Чиаурели не афишировал своих отношений со Сталиным. Но ради забавной истории тайну иногда приоткрывал.

Ехали они как-то поздно вечером на ближнюю дачу, рассказывал Михаил Эдишерович, и вождь спросил его:

— Скажите, Мишико, роль товарища Сталина в вашей новой картине опять будет играть этот…

— Геловани,— подсказал режиссер.— Как всегда. Мишико Геловани, мой тезка. Есть возражения?

— Нет, нет,— помахал ладонью вождь.— Любопытно, что он собой представляет?

— Скромный человек. Хороший актер. Служил в Театре Руставели, потом во МХАТе, играл товарища Сталина в «Человеке с ружьем», в «Ленине в 1918 году» Ромма, в моих картинах «Великое зарево» и «Клятва», которую вы видели…

— Я спрашиваю не об этом, — кинул Сталин. — Что он за личность, этот скромный Геловани?

— Милый человек. Очень милый человек.

— А не могли бы мы с ним познакомиться?

— Да, конечно! Это для Геловани была бы большая радость. И польза.

— Он сейчас в Москве? — спросил Сталин.

— В Москве.

— Давайте его пригласим поужинать с нами, Мишико, а? — В конце Арбата машина остановилась. Сопровождающий генерал пересаживается в другой автомобиль и едет за Геловани.

Артист уже лег спать, и с появлением гонца в доме поднимается страшная суматоха. Генерал торопит, помогает артисту одеться.

Они приезжают на ближнюю дачу, когда хозяин и гости сидят уже за столом.

— Вот и товарищ Геловани! — Сталин поднимается, идет навстречу.

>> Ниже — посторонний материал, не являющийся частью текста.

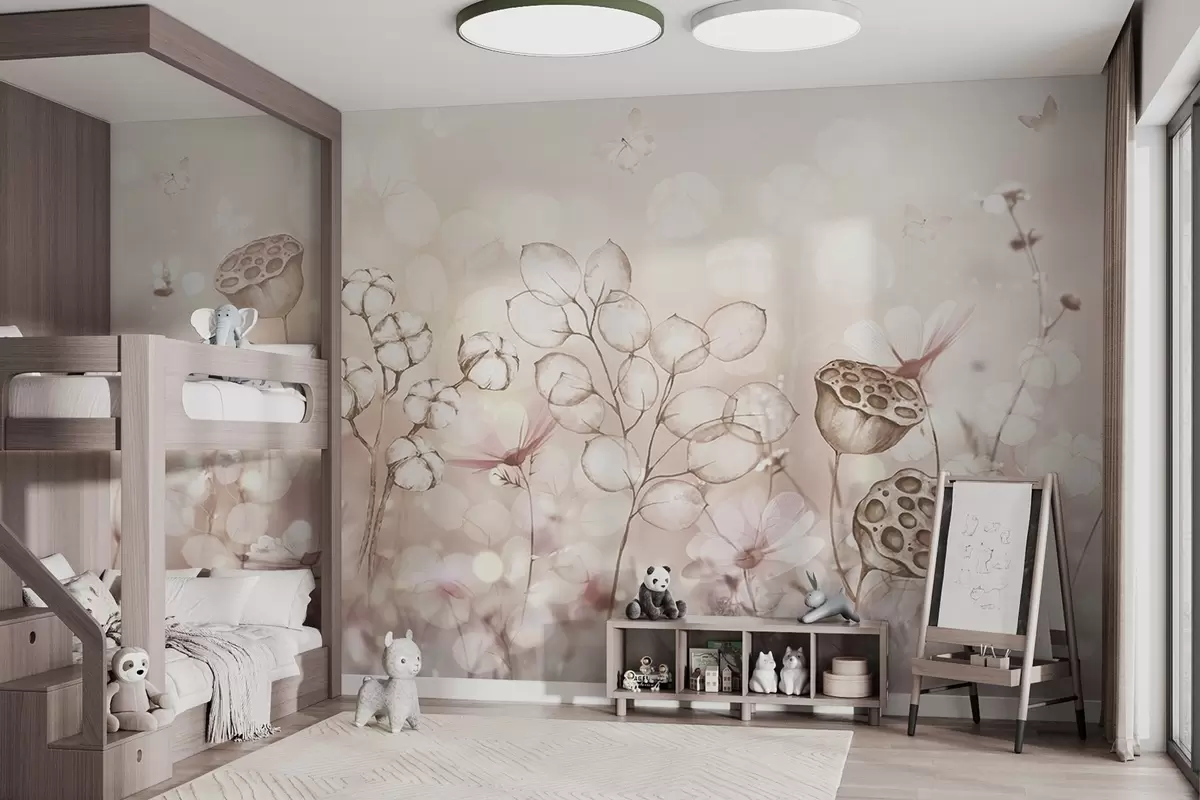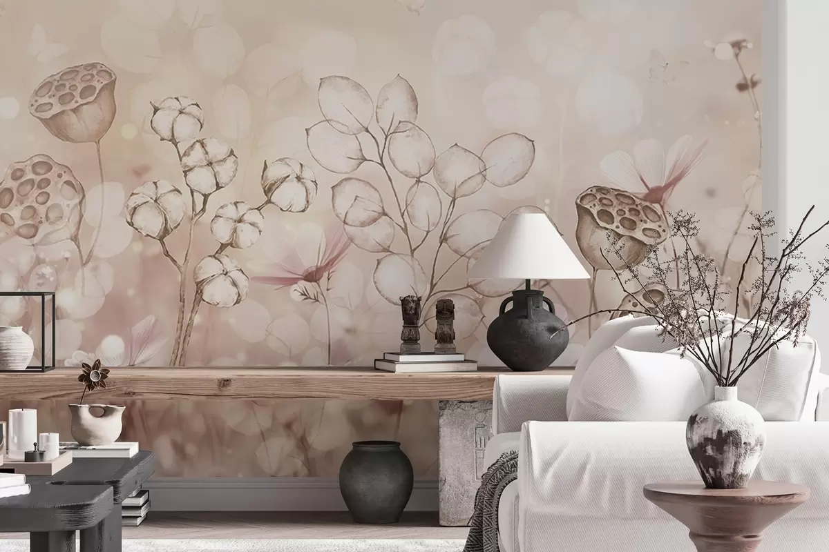 Carta da parati Giardino fiorito sognante, farfalla, fiori di cotone, loti, colori beige nr. w02516v3
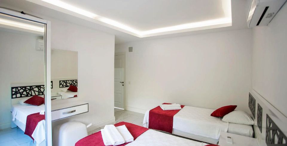 Yatak odası 2: En-süit yatak odasında 2 adet tek kişilik yatak, komodin, makyaj masası, elbise dolabı, klima, banyo ve tuvalet bulunmaktadır.
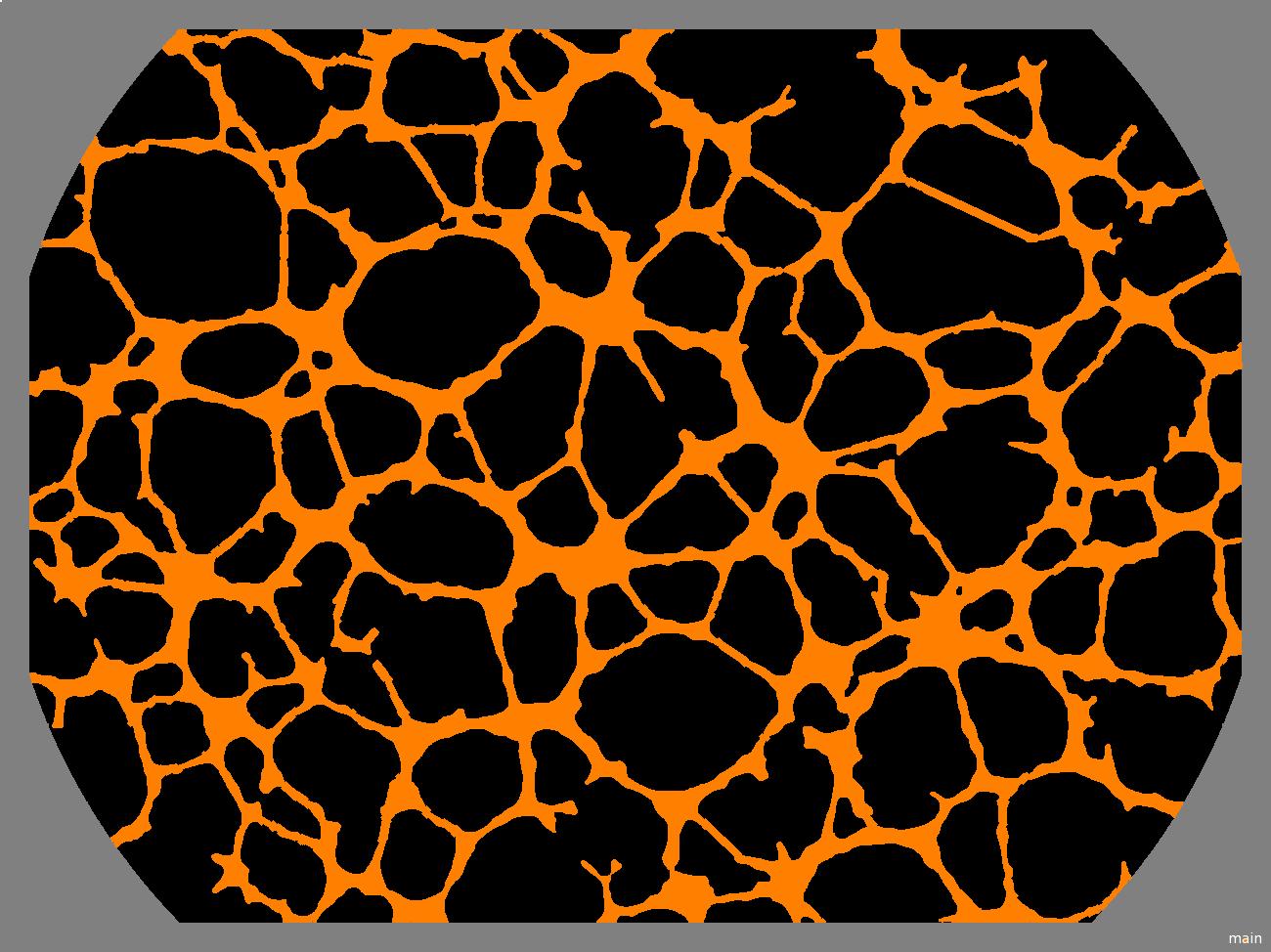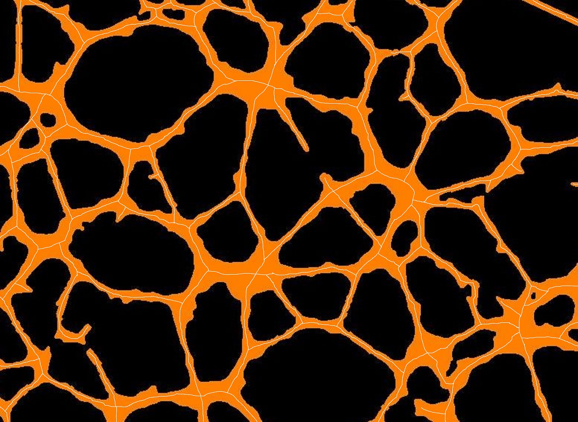 Ich möchte ein Matlab-Programm schreiben, welches das "Skelett" dieser Struktur erkennt. Dabei soll möglichst eine 1-Pixel-Linie die Struktur darstellen. Das Ergebnis soll ca. aussehen wie der Anhang Skelett (hier ist das Skelett von Hand in weiß in das Originalbild eingezeichnet).
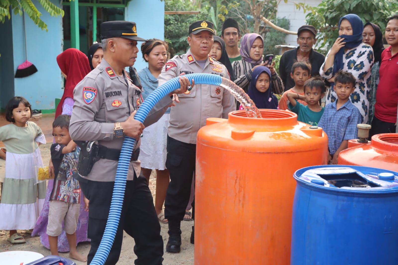 BantenOne.com, Legog--Polsek Legok Polres Tangerang Selatan (Tangsel) kembali melaksanakan bantuan sosial (Bansos) berupa bantuan air bersih kepada warga Legok yang mengalami dampak kekeringan akibat kemarau berkepanjangan.
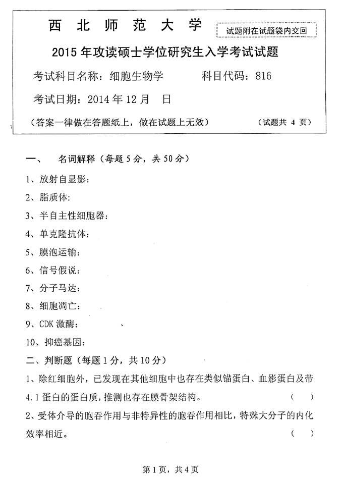 2015年西北师范大学816细胞生物学考研真题(部分)
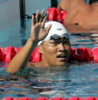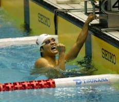 泳いでいるジローさんの画像
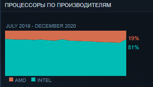 Время от времени можно встретить информацию о высоких продажах процессоров AMD. В такие моменты кажется, что ещё совсем немного и процентная доля Intel упадёт до минимума. На самом деле ничего подобного не происходит, ведь несмотря на все усилия красных, за синими до сих пор 81% рынка. Здесь стоит указать, что следующая информация основана на статистике Steam, но, поскольку больше никаких достоверных сведений у нас нет, то мы будем делать выводы именно на основании данных самого большого игрового магазина.

В нескольких шагах от артиста останавливается и с нескрываемым интересом разглядывает его — модель изучает исполнителя.

Гости примолкли и следят за тем, что произойдет дальше. На лице потрясенного артиста дрожит неуверенная улыбка.

Посасывая трубку, вождь долго смотрит в лицо двойника, словно пытаясь проникнуть в его человеческую суть, в его растерянность, в его мозг, в его неустойчивую волю. Наконец Сталин делает любезный приглашающий жест и бросает:

— Здравствуйте, здравствуйте, товарищ Геловани. Прошу к столу.

Модель сажает исполнителя напротив себя и говорит:

— Извините, что побеспокоили в такой поздний час. Хотелось познакомиться.

Артист опять что-то бормочет. В глазах вождя тлеет усмешка. Чиаурели подбадривает тезку, но тот точно оглох и ослеплен — ничего не понимает. Вождь наливает ему вина, водки, и Геловани быстро хмелеет, оживляется и вдруг начинает произносить срывающимся голосом и, всякий раз вскакивая, тосты в честь вождя народов, корифея науки и так далее. Сталин все более и более мрачнеет — модель разочарована.

Ночью, когда Геловани увозят, вождь говорит Чиаурели:

— Обидно, Мишико. Очень обидно. Недалекий, слабый человек ваш тезка, изображающий товарища Сталина. И даже внешне мало похож на меня.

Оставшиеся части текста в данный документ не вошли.